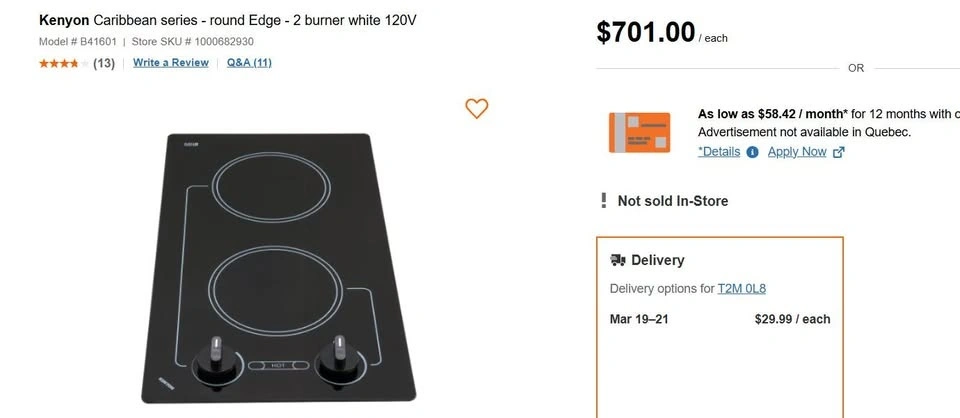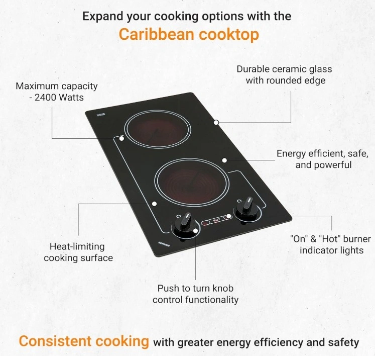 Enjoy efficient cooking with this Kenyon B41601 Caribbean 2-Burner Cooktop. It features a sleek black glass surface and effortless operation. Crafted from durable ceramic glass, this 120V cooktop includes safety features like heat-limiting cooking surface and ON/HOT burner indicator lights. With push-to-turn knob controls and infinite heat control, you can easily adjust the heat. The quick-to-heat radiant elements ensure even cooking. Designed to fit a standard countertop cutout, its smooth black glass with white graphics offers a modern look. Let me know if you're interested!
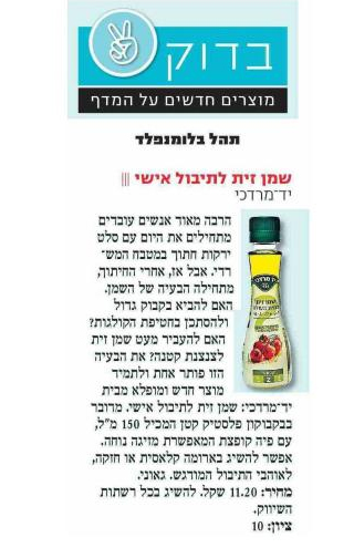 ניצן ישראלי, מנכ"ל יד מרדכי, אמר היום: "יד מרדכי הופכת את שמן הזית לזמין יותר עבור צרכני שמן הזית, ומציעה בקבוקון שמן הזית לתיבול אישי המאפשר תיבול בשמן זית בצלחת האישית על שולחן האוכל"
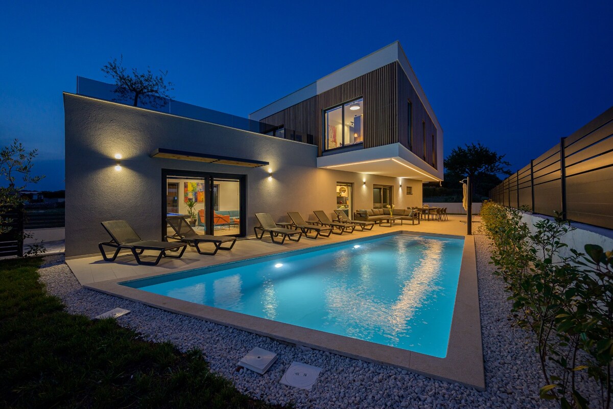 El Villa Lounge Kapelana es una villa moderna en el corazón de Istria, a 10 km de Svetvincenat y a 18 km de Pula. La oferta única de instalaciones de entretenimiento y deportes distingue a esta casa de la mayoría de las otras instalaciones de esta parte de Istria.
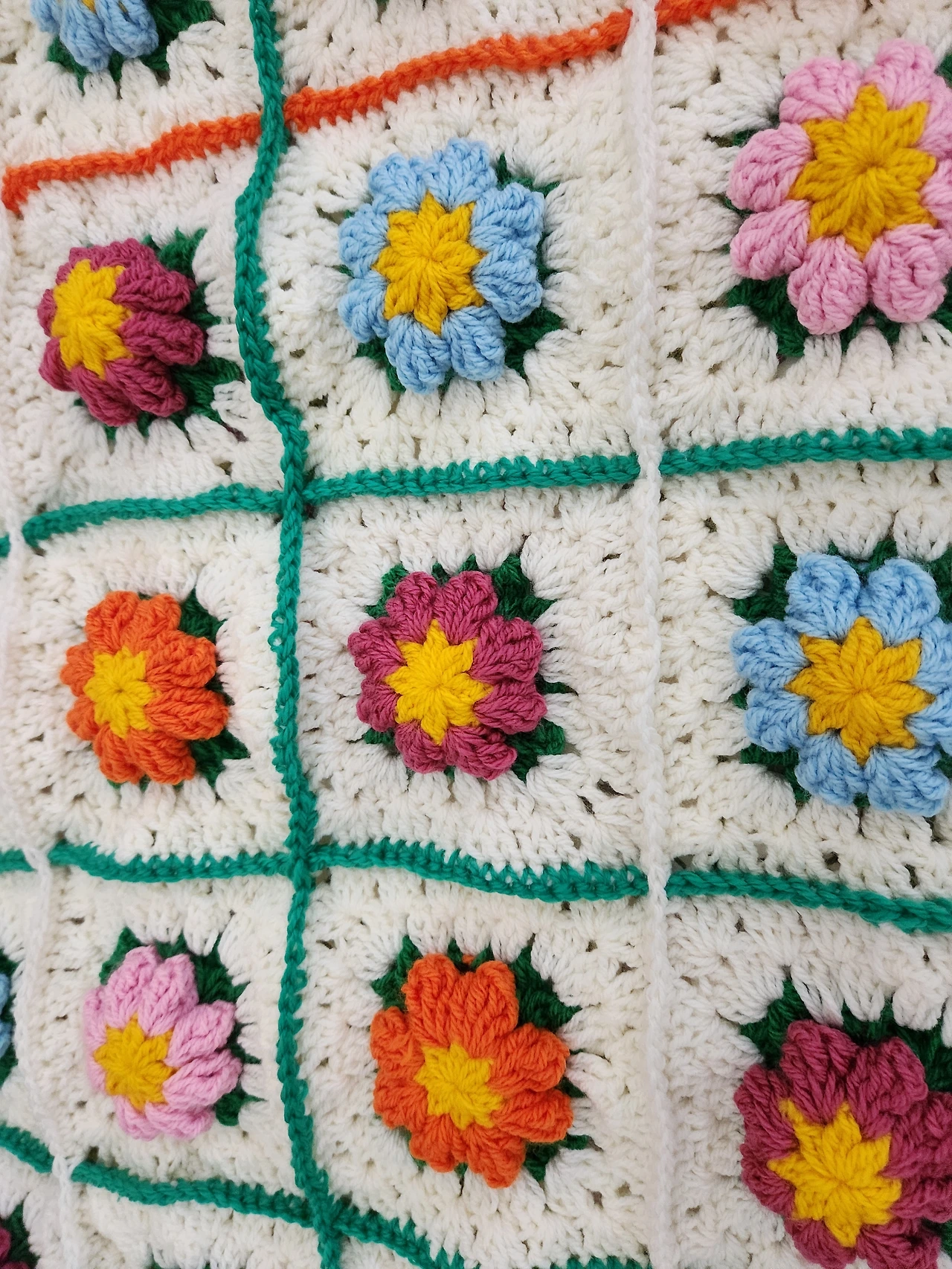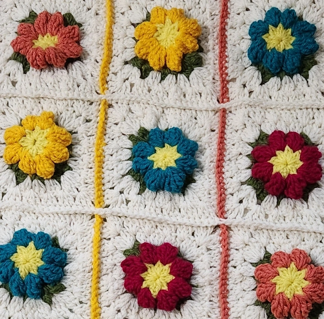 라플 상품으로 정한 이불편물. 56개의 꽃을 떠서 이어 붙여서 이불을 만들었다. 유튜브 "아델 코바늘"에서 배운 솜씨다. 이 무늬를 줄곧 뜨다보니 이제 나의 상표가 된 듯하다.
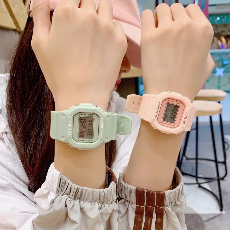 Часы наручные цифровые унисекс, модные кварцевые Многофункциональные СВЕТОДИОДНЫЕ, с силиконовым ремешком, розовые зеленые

----------------

**WHAT NEEDS TO BE DONE:** Your answer should be an exact copy of the entries above, with no images included.

**YOUR SOLUTION:**
 Enjoy efficient cooking with this Kenyon B41601 Caribbean 2-Burner Cooktop. It features a sleek black glass surface and effortless operation. Crafted from durable ceramic glass, this 120V cooktop includes safety features like heat-limiting cooking surface and ON/HOT burner indicator lights. With push-to-turn knob controls and infinite heat control, you can easily adjust the heat. The quick-to-heat radiant elements ensure even cooking. Designed to fit a standard countertop cutout, its smooth black glass with white graphics offers a modern look. Let me know if you're interested!
 ניצן ישראלי, מנכ"ל יד מרדכי, אמר היום: "יד מרדכי הופכת את שמן הזית לזמין יותר עבור צרכני שמן הזית, ומציעה בקבוקון שמן הזית לתיבול אישי המאפשר תיבול בשמן זית בצלחת האישית על שולחן האוכל"
 El Villa Lounge Kapelana es una villa moderna en el corazón de Istria, a 10 km de Svetvincenat y a 18 km de Pula. La oferta única de instalaciones de entretenimiento y deportes distingue a esta casa de la mayoría de las otras instalaciones de esta parte de Istria.
 라플 상품으로 정한 이불편물. 56개의 꽃을 떠서 이어 붙여서 이불을 만들었다. 유튜브 "아델 코바늘"에서 배운 솜씨다. 이 무늬를 줄곧 뜨다보니 이제 나의 상표가 된 듯하다.
 Часы наручные цифровые унисекс, модные кварцевые Многофункциональные СВЕТОДИОДНЫЕ, с силиконовым ремешком, розовые зеленые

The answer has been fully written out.